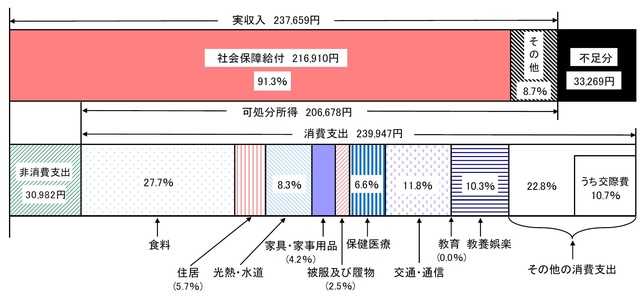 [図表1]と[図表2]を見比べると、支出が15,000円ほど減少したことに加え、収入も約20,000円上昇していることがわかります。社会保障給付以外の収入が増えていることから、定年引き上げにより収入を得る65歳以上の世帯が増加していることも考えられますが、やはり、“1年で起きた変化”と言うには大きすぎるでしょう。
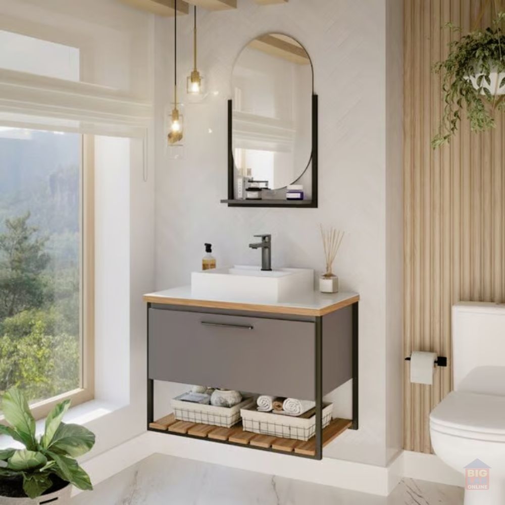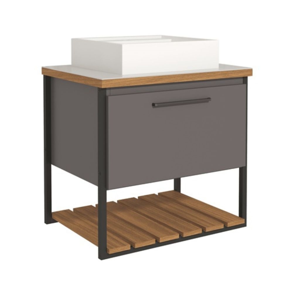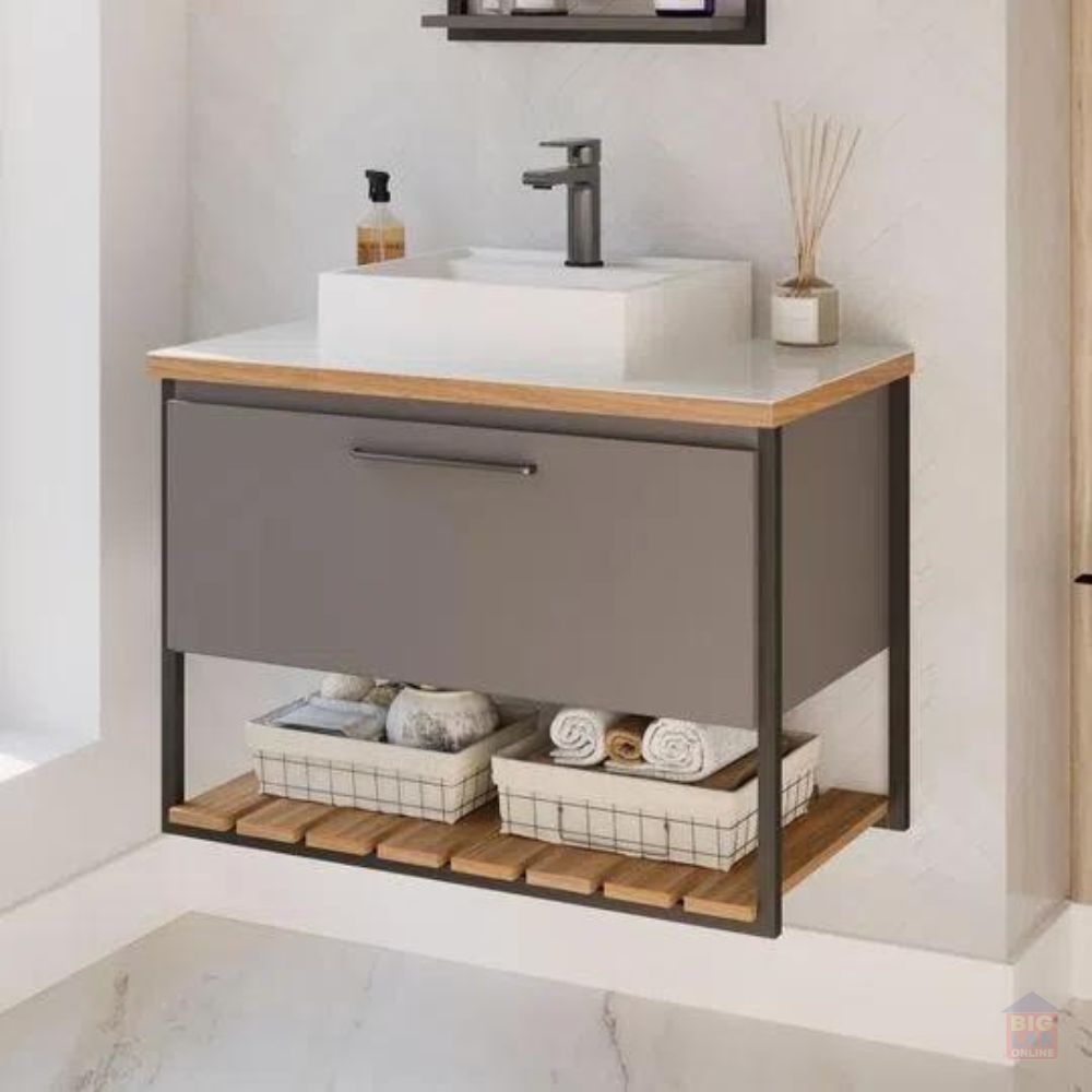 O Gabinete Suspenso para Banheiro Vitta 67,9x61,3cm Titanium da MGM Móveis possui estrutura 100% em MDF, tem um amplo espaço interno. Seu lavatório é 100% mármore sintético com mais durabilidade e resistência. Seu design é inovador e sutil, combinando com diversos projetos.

# # #

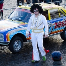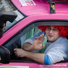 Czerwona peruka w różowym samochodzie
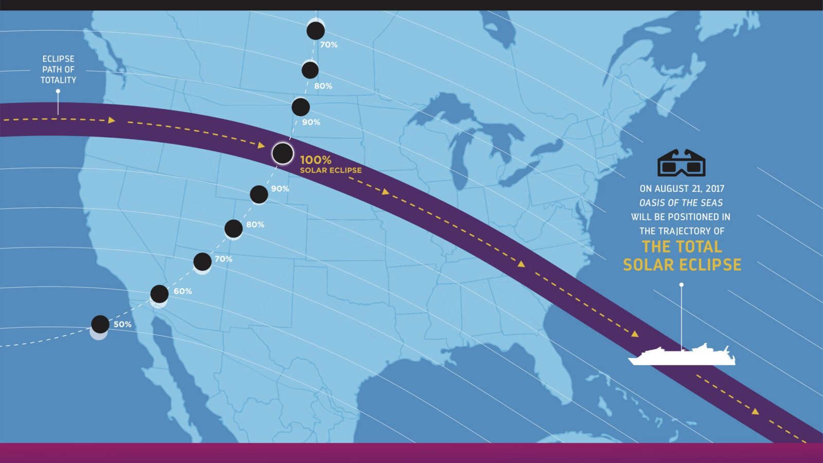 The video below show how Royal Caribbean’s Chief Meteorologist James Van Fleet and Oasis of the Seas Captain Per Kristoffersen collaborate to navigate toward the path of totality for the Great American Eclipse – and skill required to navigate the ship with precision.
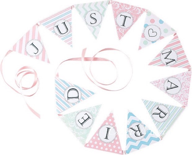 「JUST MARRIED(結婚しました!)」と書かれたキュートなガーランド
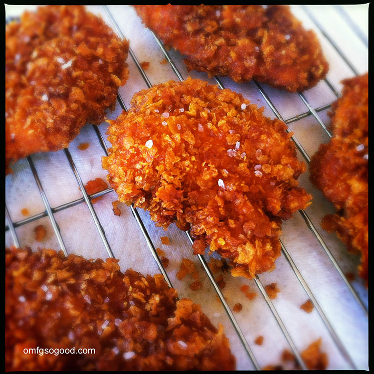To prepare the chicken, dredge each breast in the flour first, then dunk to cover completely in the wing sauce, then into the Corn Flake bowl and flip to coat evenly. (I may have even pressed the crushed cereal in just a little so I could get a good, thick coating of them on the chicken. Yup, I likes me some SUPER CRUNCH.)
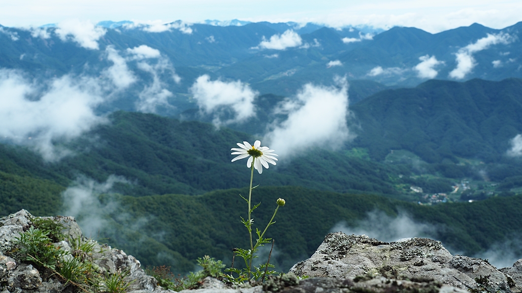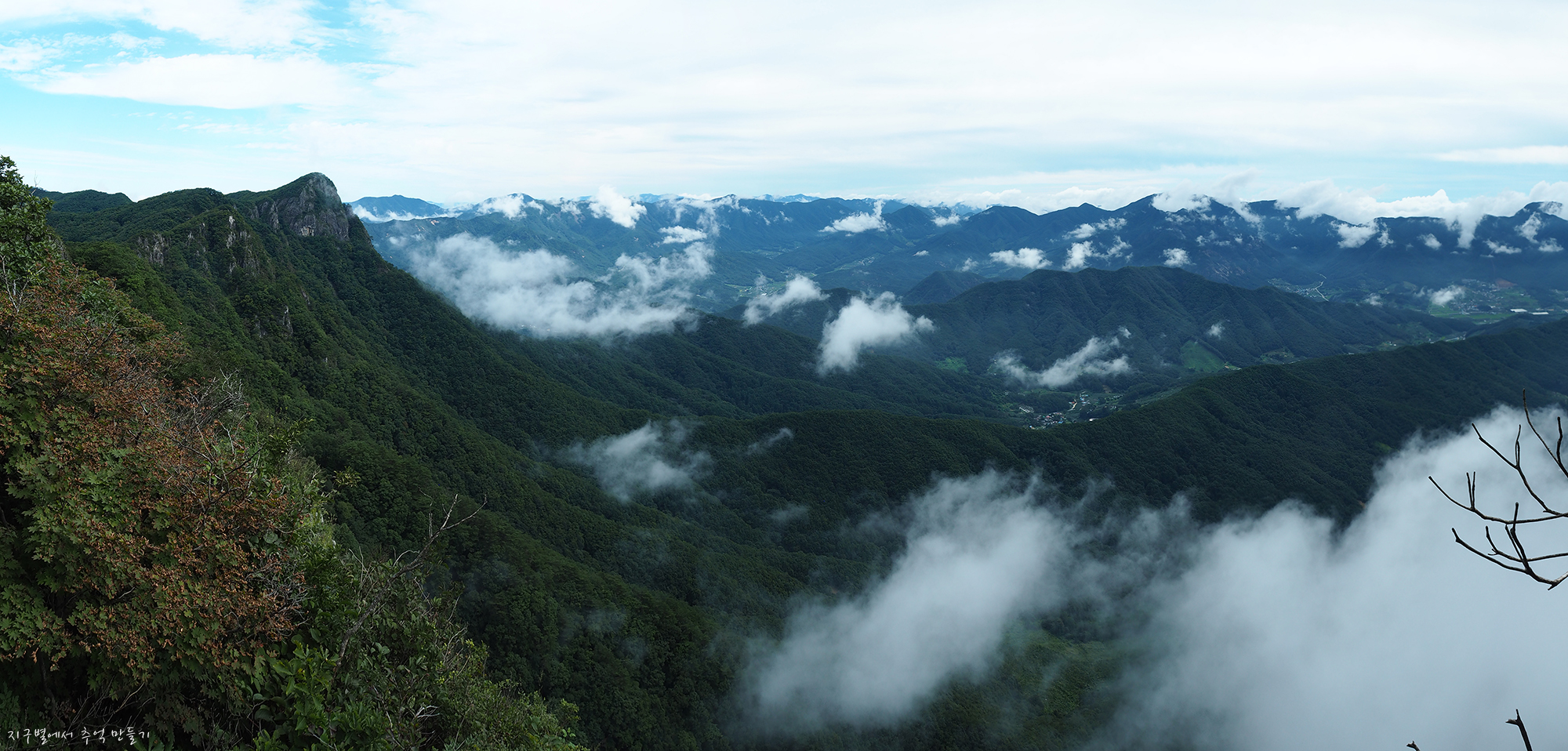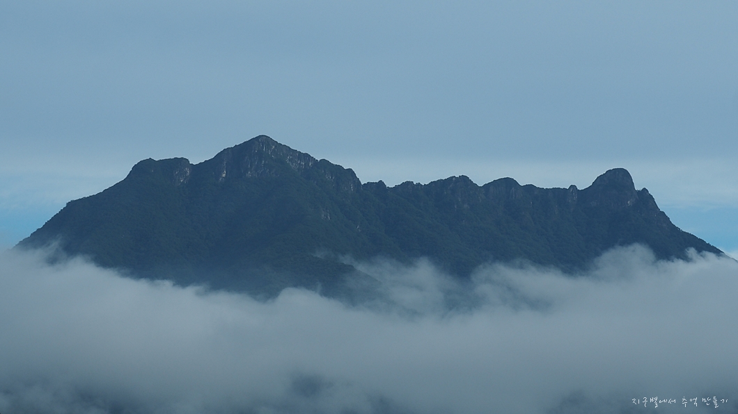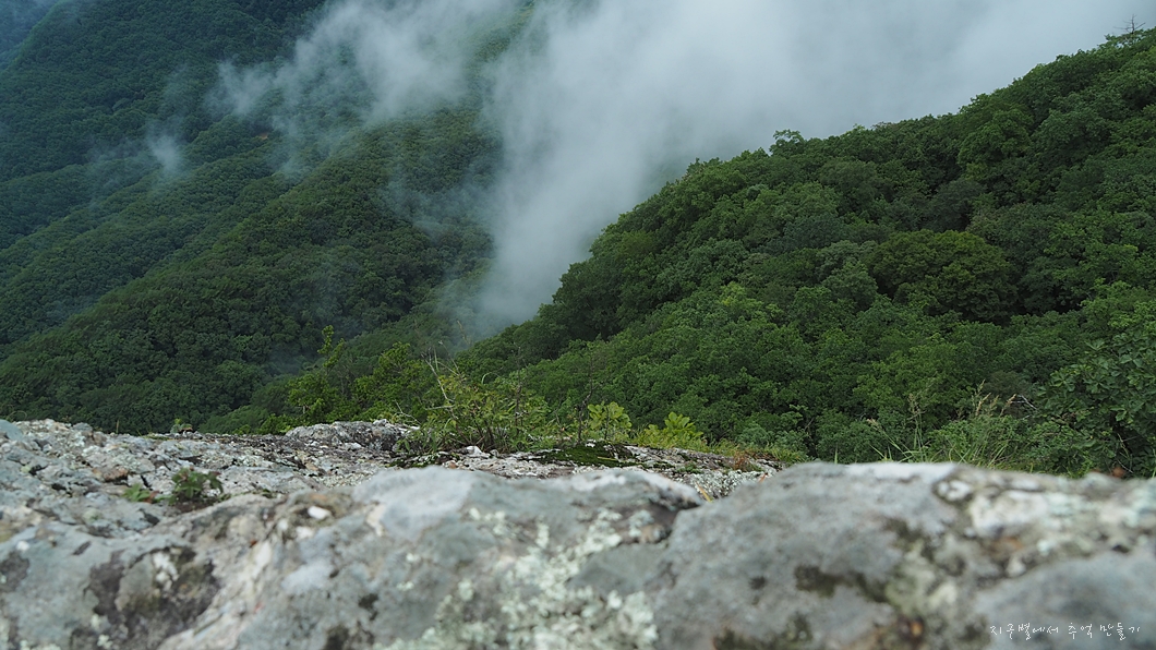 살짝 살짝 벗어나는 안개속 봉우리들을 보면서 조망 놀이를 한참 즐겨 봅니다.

# # #

▶ **EXERCISE AIM**
The answer is the lines above from the one with "To prepare the" to the one with "살짝 살짝 벗어나는 안개속 봉우리들을 보면서 조망 놀이를 한참 즐겨 봅니다.", set down exactly, with no pictures.

▶ **RESULT BELOW**
To prepare the chicken, dredge each breast in the flour first, then dunk to cover completely in the wing sauce, then into the Corn Flake bowl and flip to coat evenly. (I may have even pressed the crushed cereal in just a little so I could get a good, thick coating of them on the chicken. Yup, I likes me some SUPER CRUNCH.)
 살짝 살짝 벗어나는 안개속 봉우리들을 보면서 조망 놀이를 한참 즐겨 봅니다.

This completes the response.